In the meantime, the chest pains eased and when she had the scan it was clear, which ruled out the pulmonary embolism, but the couple allege that the chance of malignancy wasn’t investigated.

Sarah said she begged a nurse at the same appointment to check if she was okay, and investigate her stomach which had swelled mysteriously.

They did, but told her it was probably inflammation following a Covid infection, so Sarah went home.

Marius said over the next two months her stomach continued to bloat until she appeared “pregnant”.

Sarah went to her GP who told her to self-refer for a CT scan which took place the next week and led to her being diagnosed with cancer of the lymph nodes in her stomach.

The couple claimed that Sarah only got the results after going back to A&E again when her stomach pain became too much to bear.

She was rushed into chemotherapy after her husband's intervention, having initially been told there'd be a two-week wait due to a lack of beds.

Treatment was then still delayed due to reduced staff numbers over the Queen's Jubilee weekend, Marius said.

When Sarah went in, she spent four months undergoing treatment, only for the couple to be told it hadn’t worked.

Marius researched alternative treatment options, and set up a fundraiser to pay for his wife to be flown to America for a clinical trial at Washington University.

However, they didn't raise their £200,000 target.

Instead, after salvage chemotherapy, Sarah underwent CAR-T-cell therapy, where the body’s T-cells are reprogrammed to hopefully attack the cancer plaguing the body.

Sarah was admitted on December 23, and treatment began just under a week later, meaning she missed what might be her last Christmas and New Year with her family.

The tumours only partially responded the treatment and a follow-up scan showed they had started growing again and spread to her chest.

Left in severe pain and unable to eat, Sarah tried one final method, an unapproved drug called Glofitamab but despite an initially promising reaction, just last week the family were told it hadn’t worked.

With all treatment options exhausted, Sarah, who once ran 10km four times a week, has been given just weeks to live.

Marius is now fundraising again to try and pay for one last round of chemo to keep Sarah alive to her daughter’s birthday in July.

He said: "Words don't really exist for how bad it is.
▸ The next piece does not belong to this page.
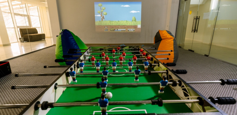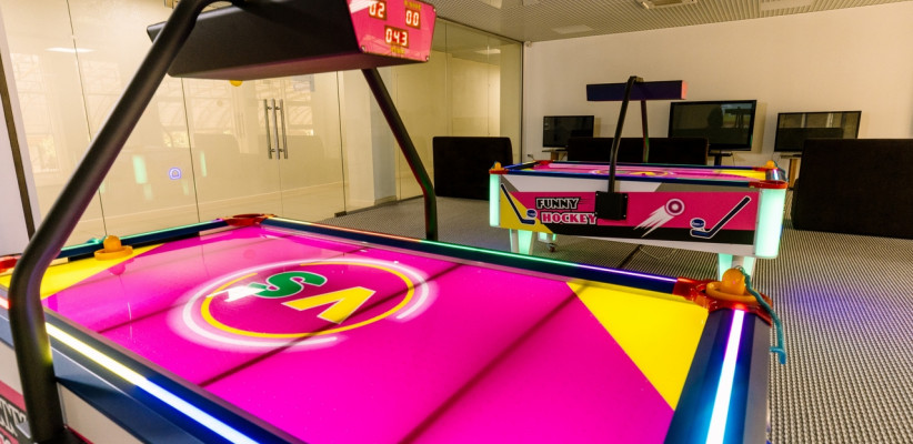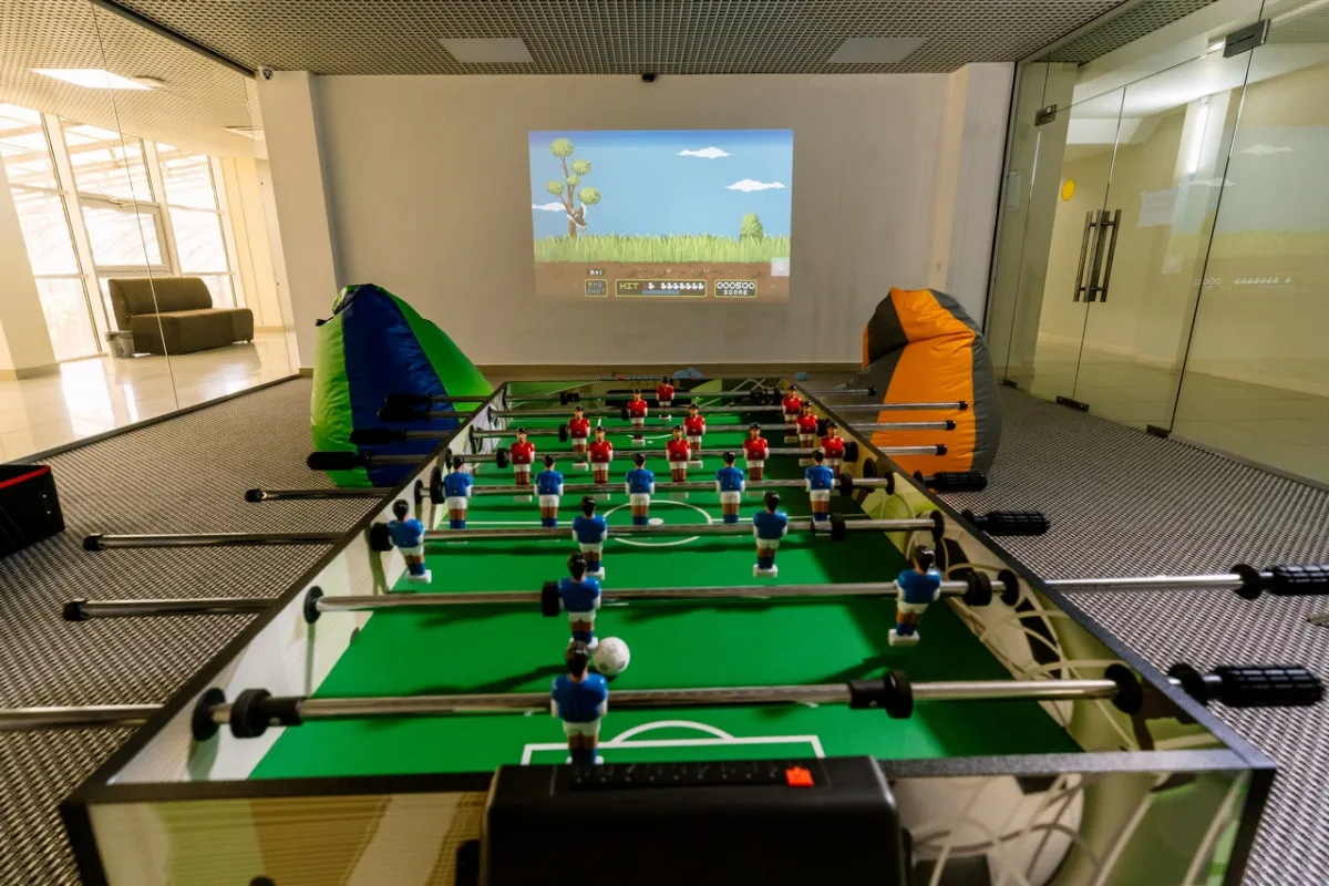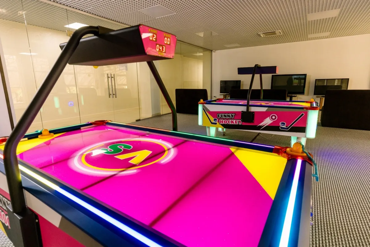 - игровая комната с аэрохоккеем, приставками и сенсорной панелью с играми

Our family's been torn to pieces basically. My daughters aren't going to have a mother now and won't be able to turn to her for the small things like a bit of emotional support or something. They're not going to have that now. It's been a terrifying experience for all of us to be honest with you."
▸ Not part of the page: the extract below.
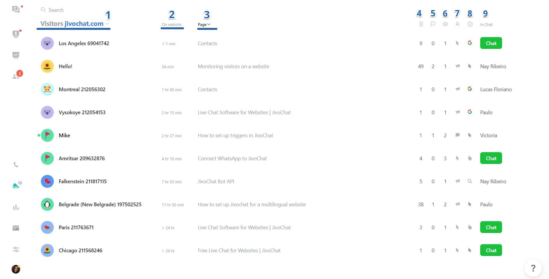 1.The city of the visitor (or if the visitor fills in the "name" field in the chat, it will show only name instead)

Dr Sreeman Andole, Interim Executive Medical Director at University Hospitals of Derby and Burton, on behalf of Royal Derby Hospital, said: "We understand that this must be an extremely distressing situation for Sarah and her family and our thoughts are with them all at this difficult time.

"Unfortunately cancers can sometimes be complex, and each type of cancer is diagnosed and treated in a particular way. We would welcome Sarah's family contacting us directly so that we can fully investigate her case, provide support, and answer their questions and concerns."